I’m supposed to be at Inks Lake right now on a weekend camping trip.
I’ll be honest: I never thought I’d go camping again as an adult. My family used to camp a lot when I was a kid, not because anyone particularly enjoyed camping, but because when we traveled, we couldn’t afford hotels. Campsites were cheaper. We lived in South Carolina, so every time we went to Charleston or Myrtle Beach or to the nearby lakes or mountains, we camped. Then I got older, my family got larger, and the camping grew more infrequent as first we couldn’t afford vacation and then my parents divorced. The last time I remember sleeping in a tent was in 1999, at a trip to the Frio River with my mom’s extended family. By that point, I hated sleeping on the ground. As I went off and started my own family, I expected never to camp again.
And then here we are. I got convinced to give it a try by Becoming Odyssa and my fellow hikers. We were planning to spend the weekend at Inks Lake State Park, hiking during the day and camping at night. I bought all my supplies – tent, AIR MATTRESS, sleeping bag, cooler*, chair*, food, etc. (*Note that the cooler and lawn chair were actually things I needed outside this trip, as my previous ones went kaputt.) I was nervous and excited and actually looking forward to the trip, while simultaneously hoping that the whole sleeping-in-a-tent thing would be better on an air mattress and that I wouldn’t be miserable all weekend. Heh.

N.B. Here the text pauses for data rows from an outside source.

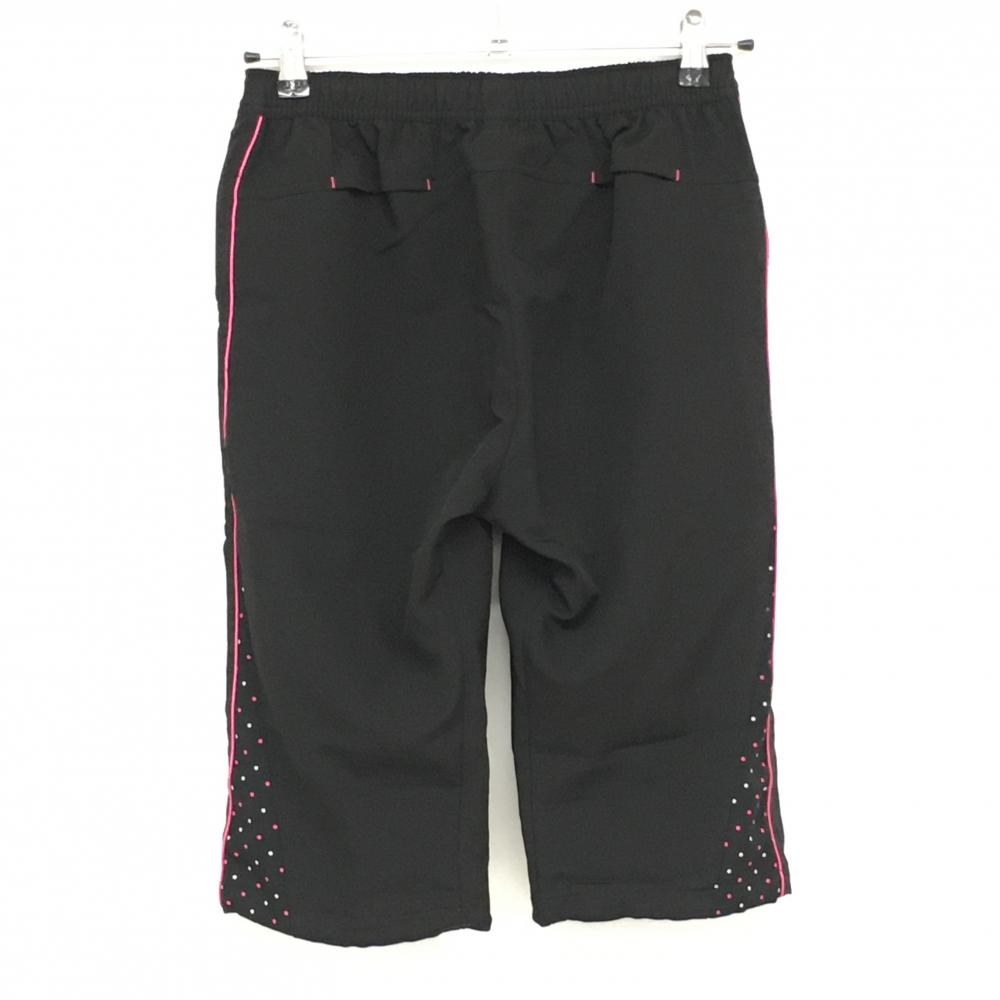 【超美品】ルコック 半端丈パンツ 黒×ピンク 一部ドット柄 ロゴ刺しゅう 裾ドローコード レディース S ゴルフウェア le coq sportif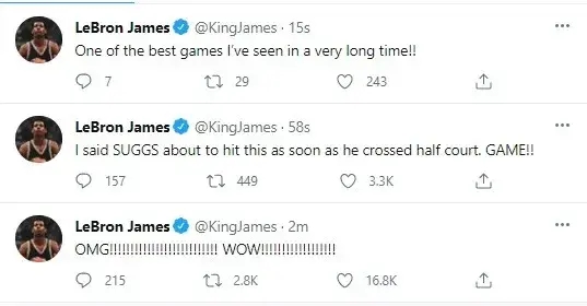 这一记匪夷所思的超级绝杀,同样让在家休养生息的老詹,激动地用流量狂刷推特,表示自己知道萨格斯刚过半场就要投。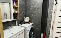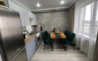 У квартиры очень интересный дизайн, с элементами дерева, что делает квартиру очень уютной.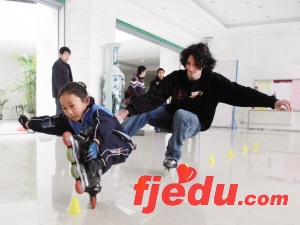 29日中午,外语学院逸夫教学楼内摆上了一排排黄色桩子,法国轮滑世界冠军圣巴斯蒂安与天津轮滑爱好者的交流表演在这里进行。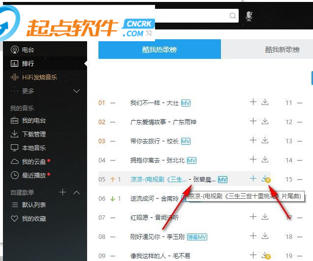 2、现在开始下载歌曲,我们点击一个需要付费的歌曲下载,例如这首“张碧晨_杨宗纬-凉凉.MP3”

Then there was my foot. So, you know that hope I wrote about and all that jazz, just a few days ago? Well, that day, my foot started to cramp up and swell. And it just kept getting worse. I realized: the longer I put off letting this foot rest, the longer it’s going to take to heal, and the more longterm damage I was going to do. I realized: perhaps hiking all weekend may not be the best plan. I realized: As much as I wanted to ignore my foot and camp with my friends, this was a very, very bad idea.
So I am not camping right now. In fact, I have returned much of that procured equipment and supplies, because I doubt I’ll be camping any time in the next six months given 1) foot and 2) miserable summer heat. And I’ve stopped using my foot as much as possible, earlier than planned. Depending on how I feel next weekend, I might skip the 5K I’ve signed up for. Or I might just walk it slow in supportive shoes, one of only a few planned easy walks scheduled for the next six weeks. And then I’m going to rest my foot for as long as it takes to get better. Because not-listening-to-my-body certainly hasn’t helped me over the last seven months. And hey, it’s the beginning of miserable hot summer here, so if I need to take a few months off, so be it. Better now than over the winter!!

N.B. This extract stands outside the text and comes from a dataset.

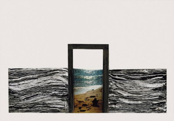 Here we see an untitled painting by Behjat Sadr, an Iranian artist who challenged convention. She spent time in both Iran and Europe. Her art reflects a dialogue between her cultural heritage and her experiences in the international art world. Sadr’s non-traditional methods and abstract style broke away from the expectations of women artists in Iran. The painting merges a photograph of a beach, bisected and mirrored, with an expressionistic wooden frame, rendered in thick, gestural strokes. The beach scene offers a serene, open space while the frame is dark. These act as barriers or perhaps framing devices. Sadr once said, "I seek to capture the dynamism and fluidity of life." This piece embodies that sentiment. It invites us to contemplate the interplay between nature and artifice, freedom and constraint, and the self and the world. Sadr pushes us to consider our own perspectives, and the boundaries we construct.

I’m glad you’re listening to your body, Amanda…finally. 🙂 And that you’re “mothering” your foot on Mother’s Day. If anyone deserves a down day (which I know can be, and is, hard for you), it’s you. Hope you can get some reading in today or at least some relaxation and…putting your feet up.
Unfortunately, after taking a whole week off walking, my foot is more swollen and sore and stiff than ever, and the rest of my body feels HORRIBLE. I’m not exactly sure how I can find the balance here…sigh.
Oh dear, hope it feels better soon.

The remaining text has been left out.